I think the view of scripture as a record of our attempts to know God better - that view has a lot to commend itself. As opposed to seeing scripture as a flat God-dictated book that must be taken as perfection from its first word to its last, which opens up so many cans of worms and internal, self-inflicted problems within the scriptures themselves that protestants spend all the rest of their theological energies becoming olympic eisegetical gymnasts putting it all back together again - trying (and failing to all eyes but their own) to achieve even just internal coherence. But if one lets go of all that and just lets the scriptures become a story - a narrative - of the people of God haltingly and slowly becoming aware of who God is - building up to Christ; then it casts new light on nearly everything, and is impossible to then “unsee”.

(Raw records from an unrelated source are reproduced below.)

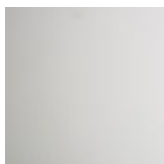
OP71 bianco opaco
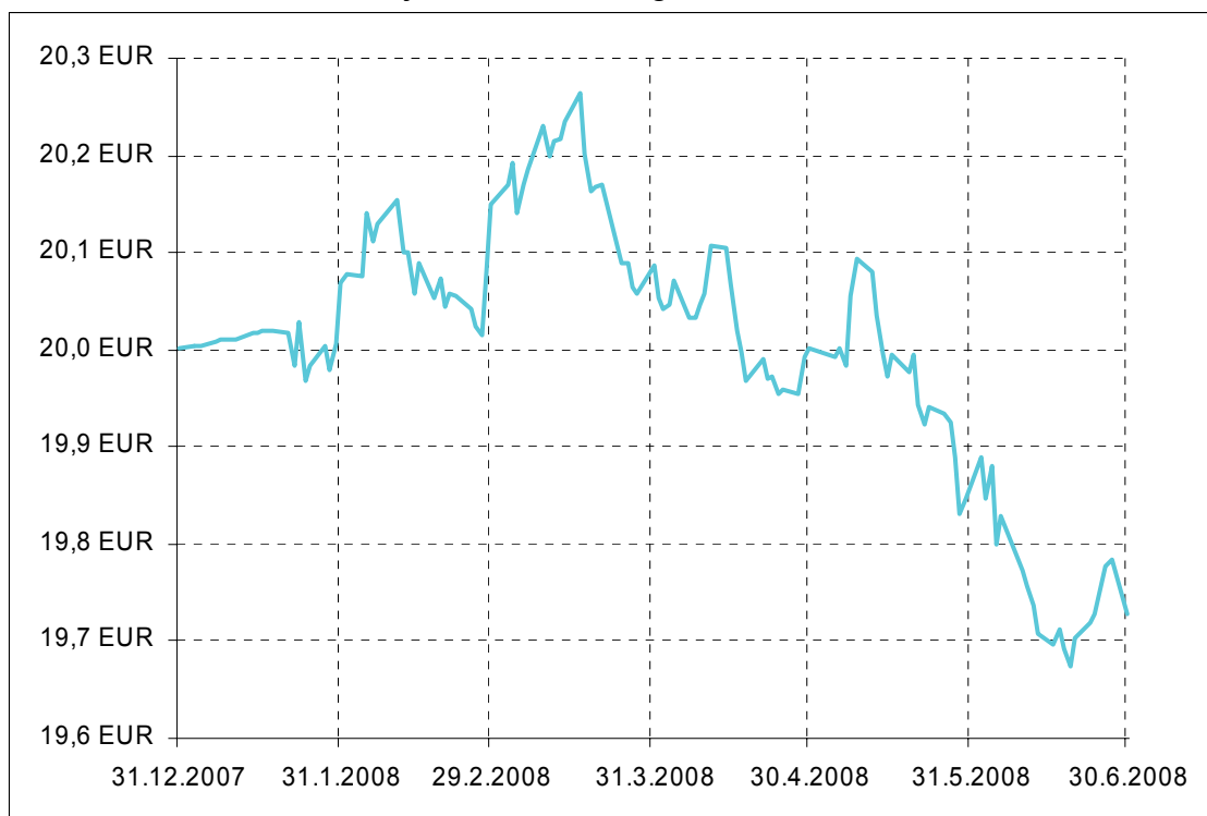
Gibanje VEP Krekovega sklada SIDRO

Donosnost Krekovega sklada SIDRO na dan 30.06.2008:
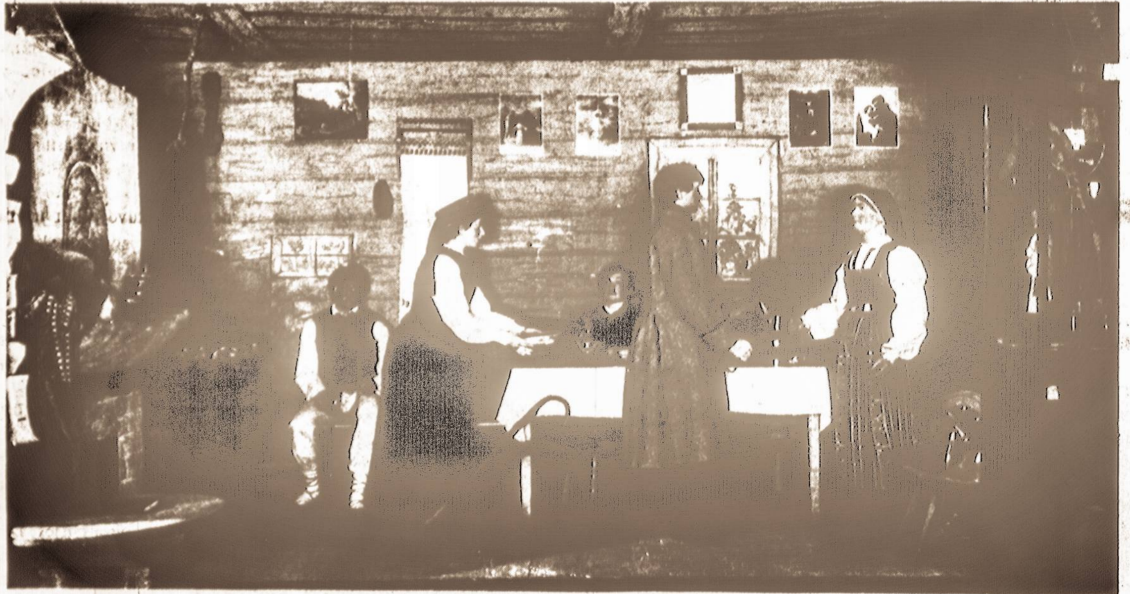
Lietuviška grėčia Paryžiaus parodoje 1900 metais.

Taigi šis albumas vaizdžiai parodo, kaip galvojo mūsų Lietuvos veikėjas net 18 metų prieš Lietuvai atgausiant nepriklausomybę. Jis pats degė meile savajam kraštui ir kituose savo broliuose jį kurstė.

So in that view, God is first viewed as having much in common with so many other gods of the day - needing to be appeased with sacrifices, having a bit of a temper, looking more like how we would see Zeus than what we later see instead in Christ. He hurls lightning bolts, wipes out entire populations with floods … and for all that … sin remains in the world. It didn’t ‘work’. At least not like the ancients thought it should work. Literalists and inerrantists are stuck trying to defend all these old views because … there it is in the Bible after all, so it must be the final word, right? (Nevermind Christ, apparently). But that isn’t to say these movements weren’t in true and needed directions. First - the recognition that sin exists and is a thing, a devastating thing! And then beyond that, we should be addressing it - trying to atone as it were (enter the whole system of sacrifices). Also an improvement on the notion that everything is just a free-for-all and whoever is strongest just gets to have their way. And that vengeance shouldn’t be unlimited - let’s instead limit it to an eye for an eye and so forth. These are all improvements on what came before. All getting closer to what God is about even if it isn’t yet the final word (Christ) on the fullness of God’s will.
Once read that way, and not trying to justify floods and rivers of blood as having some sort of equivalent authority about what God is like over and against Christ - then a great burden is released and one can go back and actually learn from the old accounts on their own terms about where the people of God have been rather than trying to craft new theologies around old temple and sacrificial systems that Christ definitively informed us were things of the past. John 4:21-24. This new wine just won’t keep well in the old wineskins we keep trying to re-use.